The United States has seen a rapid decline in the traditional two-parent family:

– In 1960, more than 76 percent of African-Americans and almost 97 percent of whites were born to married couples.
– Today, only 30 percent of black children are born to married couples. For white children, that figure is 70 percent.
– Hispanics had an out-of-wedlock birthrate of more than 50 percent in 2006.
– With out-of-wedlock births and high divorce rates, one quarter of American children live in single-parent homes. This is twice the rate in Europe.

How much do single-parent households matter?

– University of Virginia sociologist W. Bradford Wilcox determined that children in high-income households who experienced family breakup fared less well emotionally, psychologically, educationally, and ultimately economically than their peers in two-parent families.
– Children of single or cohabitating, but not married, parents experience abuse, behavioral problems and psychological issues at higher rates than children of married couples, according to a study by the Centers for Disease Control.
– Just 2 percent of children raised in two-parent families experience poverty long-term, while more than 20 percent of children in single-parent families live in long-term poverty.
– Penn State sociologist Molly Martin estimated in 2006 that 41 percent of economic inequality generated between 1976 and 2000 was the result of changed family structure.
– According to researchers at the Brookings Institution, the U.S. poverty rate would be a full 25 percent lower today if the U.S. family structure resembled that of 1970.
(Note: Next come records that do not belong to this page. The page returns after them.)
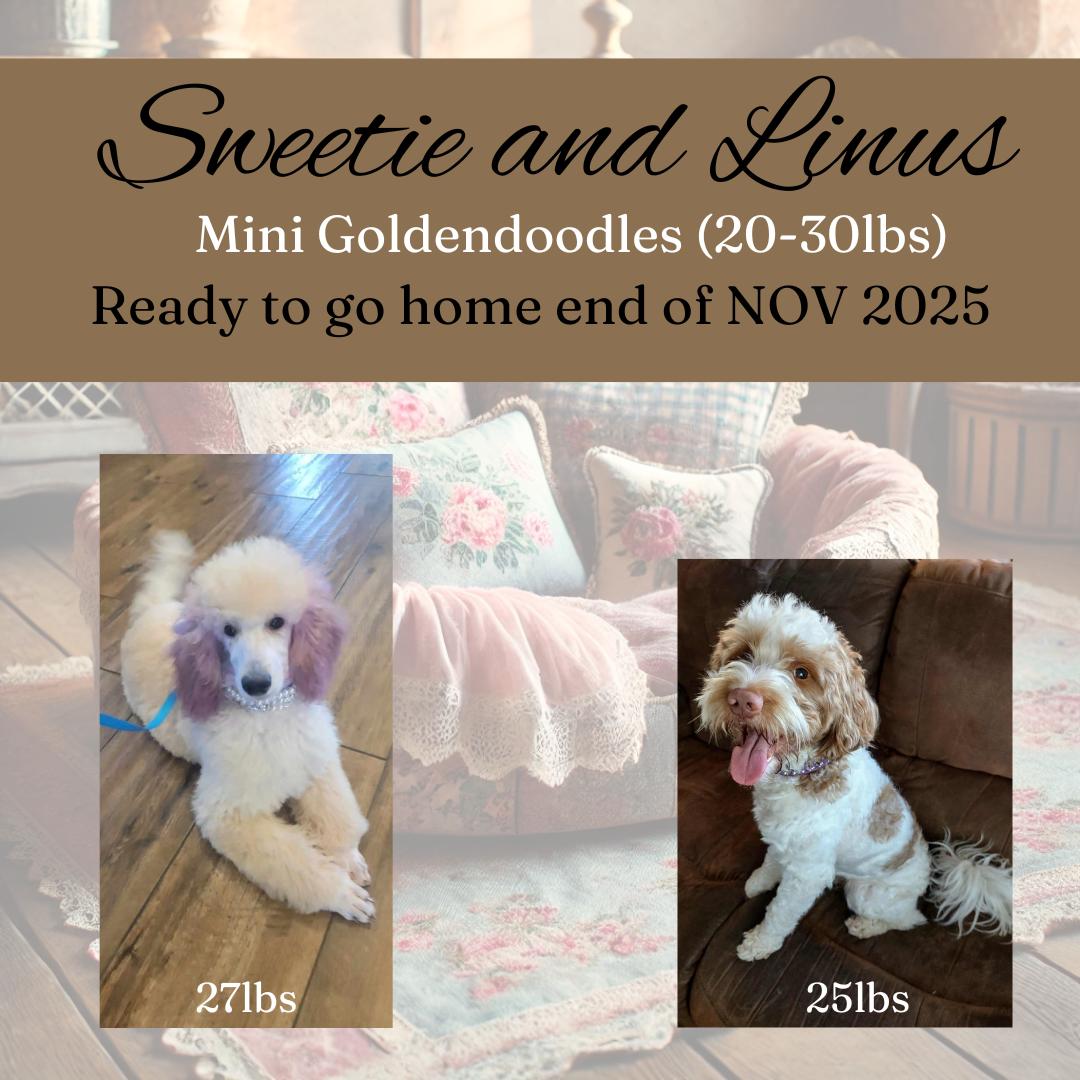 Our puppies include miniature and medium sizes. Sizes will vary depending on the parent dogs.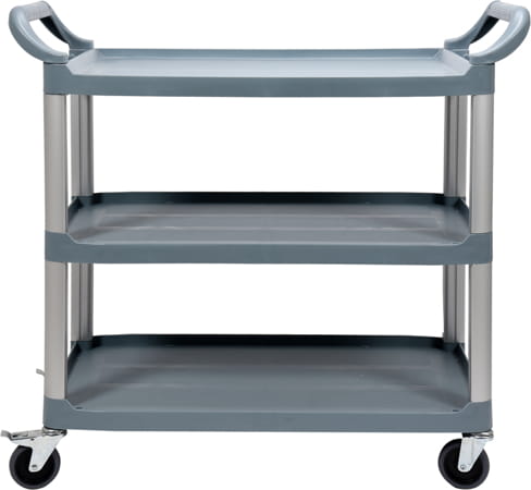- Rama wózka wykonana jest z zaokrąglonych profili aluminiowych a blaty z wysokiej jakości polietylenu. Gwarantuje to wysokie walory użytkowania oraz łatwość utrzymania w czystości. Bez problemu można użytkować go na zewnątrz. Pod spodem każdej półki zastosowano specjalne przetłoczenia wzmacniające konstrukcję i zwiększające nośność, która może wynieść nawet do 100kg.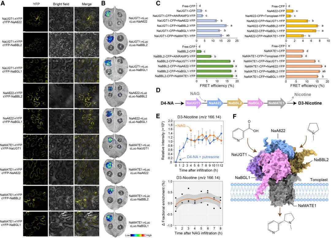 令人惊叹的是,研究团队发现催化上述步骤的五个关键蛋白(NaUGT1, NaA622, NaBBL2, NaBGL1 和转运蛋白NaMATE1)并非独立工作,而是在烟草根细胞的液泡膜上动态组装成一个多酶“代谢区室”。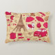 Assorted France themed elements make this adorable pink and tan pillow a must have.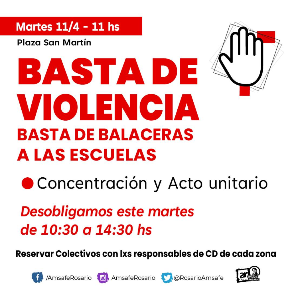 «Basta de violencia, Basta de balaceras a las escuelas», es la consigna de Amsafe Rosario para este martes. La concentración será a las 11 en Plaza San Martín, donde se realizará un acto. En ese marco, se desobligará a los alumnos entre las 10.30 y las 14.30.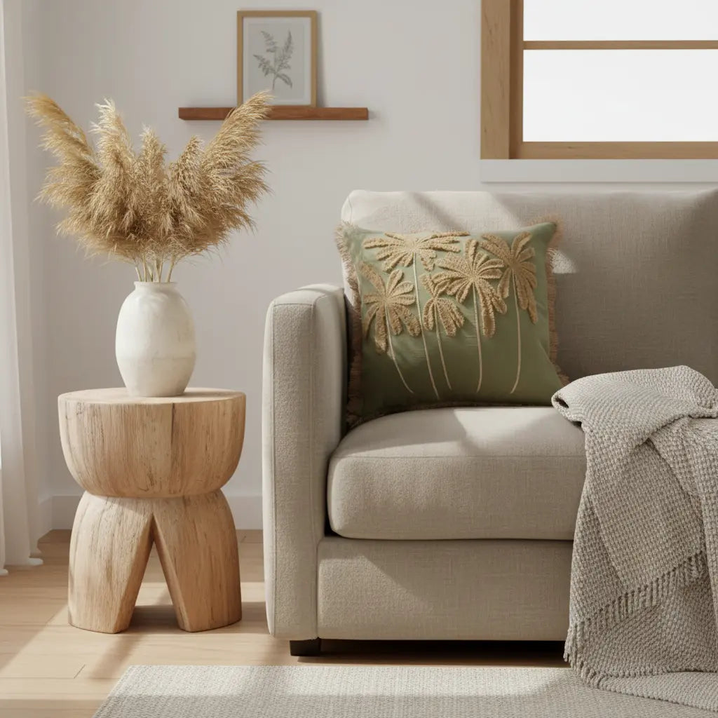Invitez la nature dans votre maison avec la housse de coussin Vert Forêt Tropical Breeze. Son imprimé palmiers et sa teinte vert forêt profonde insufflent une touche d’évasion à votre décoration. Les franges naturelles sur les bords ajoutent un charme artisanal irrésistible, parfait pour ceux qui recherchent une atmosphère exotique et apaisante, sans quitter le confort de leur salon.

While the mainstream media and research groups have been focused on inequality, they have largely ignored family breakup. Why? Maranto and Crouch point to three reasons:

– First, leftists do not want to side with social conservatives, despite the plethora of evidence.
– Secondly, minority families have experienced the worst family breakup, and bringing up the issue leads to fears of charges of racism.
– Lastly, because there is no immediate or quick fix to the family breakup problem: such a societal transformation will take decades.